--- START ---

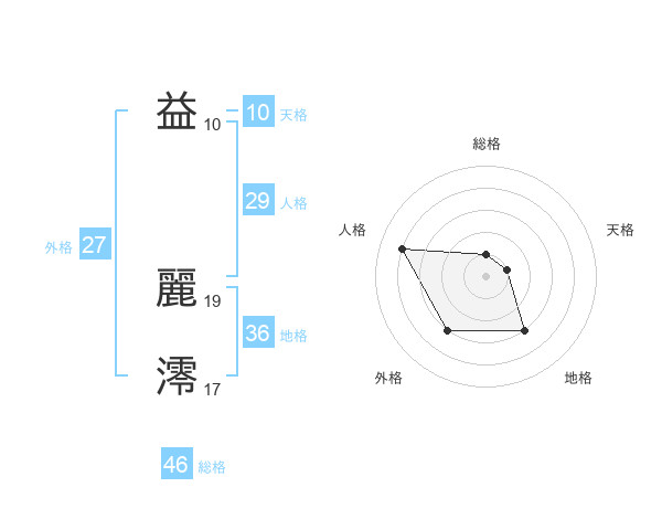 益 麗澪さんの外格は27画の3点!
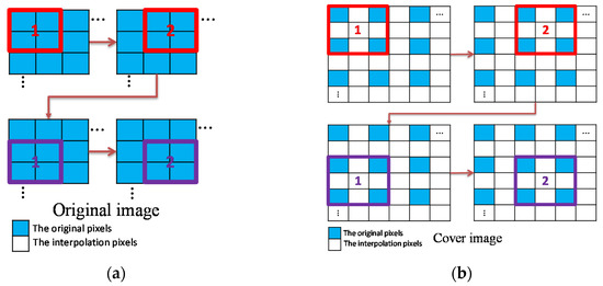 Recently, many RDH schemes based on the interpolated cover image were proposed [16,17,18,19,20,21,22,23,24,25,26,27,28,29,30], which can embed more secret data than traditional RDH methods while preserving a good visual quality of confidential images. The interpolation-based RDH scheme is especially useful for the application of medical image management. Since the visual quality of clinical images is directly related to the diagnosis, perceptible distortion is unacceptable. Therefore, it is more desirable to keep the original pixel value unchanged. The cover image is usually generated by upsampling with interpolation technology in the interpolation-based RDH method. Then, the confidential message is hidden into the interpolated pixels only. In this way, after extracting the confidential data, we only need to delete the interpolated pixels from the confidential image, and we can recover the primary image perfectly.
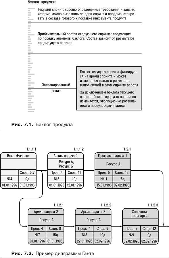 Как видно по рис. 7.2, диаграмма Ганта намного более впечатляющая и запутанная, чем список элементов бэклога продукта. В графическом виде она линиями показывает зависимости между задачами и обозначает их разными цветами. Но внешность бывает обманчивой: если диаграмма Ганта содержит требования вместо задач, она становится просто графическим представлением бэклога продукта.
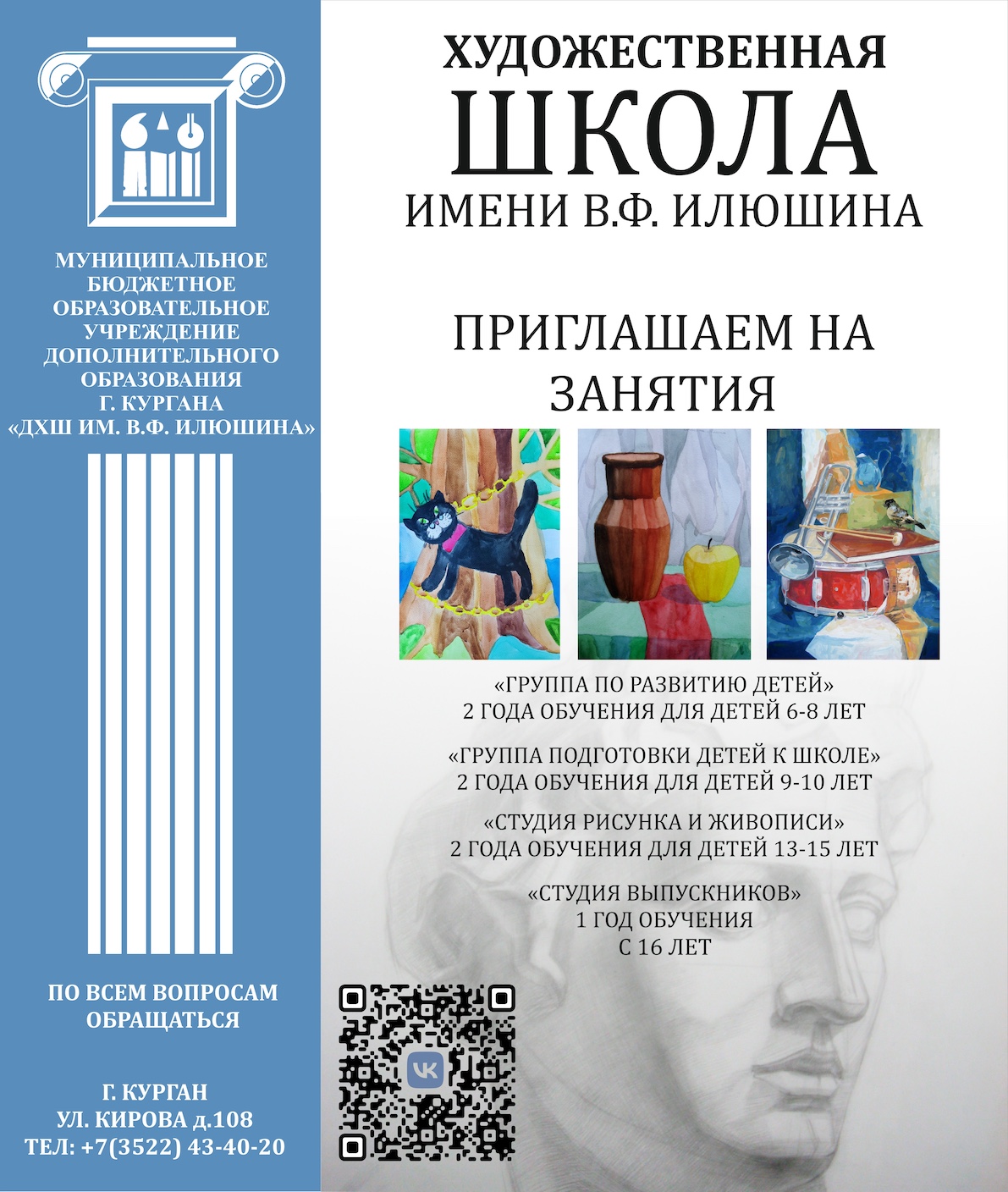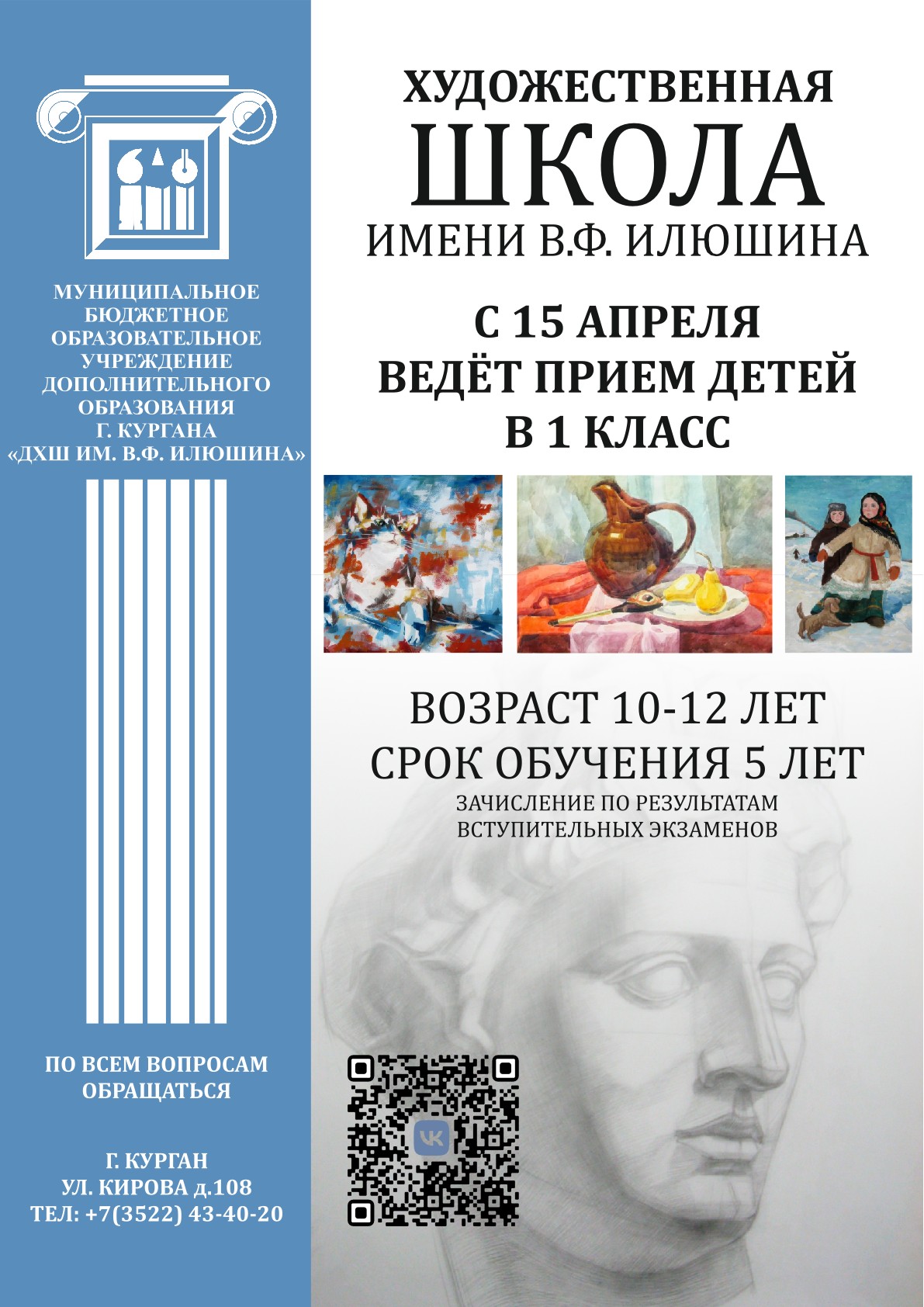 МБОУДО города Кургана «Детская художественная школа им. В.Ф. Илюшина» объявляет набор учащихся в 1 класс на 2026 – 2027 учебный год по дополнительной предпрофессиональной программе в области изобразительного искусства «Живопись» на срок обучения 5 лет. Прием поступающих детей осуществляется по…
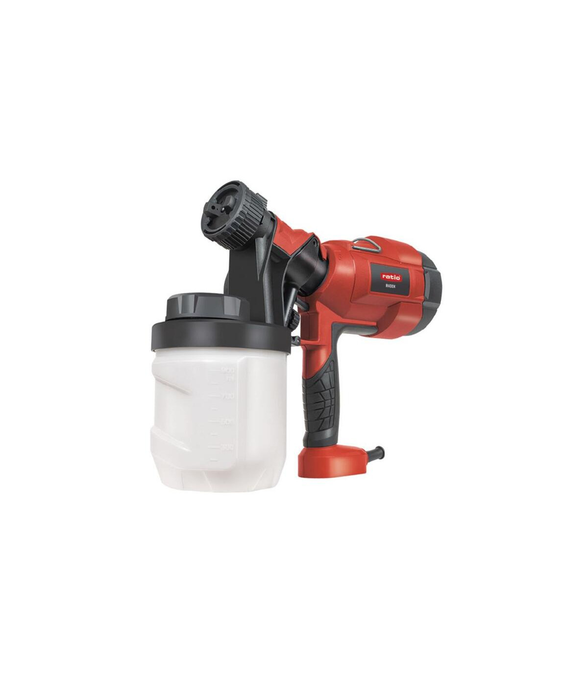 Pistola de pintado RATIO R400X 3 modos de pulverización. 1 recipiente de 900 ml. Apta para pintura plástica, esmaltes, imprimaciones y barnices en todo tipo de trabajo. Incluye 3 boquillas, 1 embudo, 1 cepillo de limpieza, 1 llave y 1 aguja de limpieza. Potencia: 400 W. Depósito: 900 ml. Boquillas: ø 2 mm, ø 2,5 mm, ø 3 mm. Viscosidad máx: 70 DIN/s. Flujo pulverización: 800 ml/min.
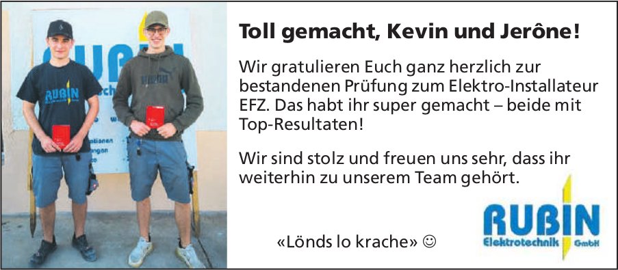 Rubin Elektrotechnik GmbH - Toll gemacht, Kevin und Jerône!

--- END ---

- Task item
Beginning with the line that contains "Как видно по", output each line of the material above through the last one exactly as it stands. Do not include the pictures.

- Reply
 Как видно по рис. 7.2, диаграмма Ганта намного более впечатляющая и запутанная, чем список элементов бэклога продукта. В графическом виде она линиями показывает зависимости между задачами и обозначает их разными цветами. Но внешность бывает обманчивой: если диаграмма Ганта содержит требования вместо задач, она становится просто графическим представлением бэклога продукта.
 МБОУДО города Кургана «Детская художественная школа им. В.Ф. Илюшина» объявляет набор учащихся в 1 класс на 2026 – 2027 учебный год по дополнительной предпрофессиональной программе в области изобразительного искусства «Живопись» на срок обучения 5 лет. Прием поступающих детей осуществляется по…
 Pistola de pintado RATIO R400X 3 modos de pulverización. 1 recipiente de 900 ml. Apta para pintura plástica, esmaltes, imprimaciones y barnices en todo tipo de trabajo. Incluye 3 boquillas, 1 embudo, 1 cepillo de limpieza, 1 llave y 1 aguja de limpieza. Potencia: 400 W. Depósito: 900 ml. Boquillas: ø 2 mm, ø 2,5 mm, ø 3 mm. Viscosidad máx: 70 DIN/s. Flujo pulverización: 800 ml/min.
 Rubin Elektrotechnik GmbH - Toll gemacht, Kevin und Jerône!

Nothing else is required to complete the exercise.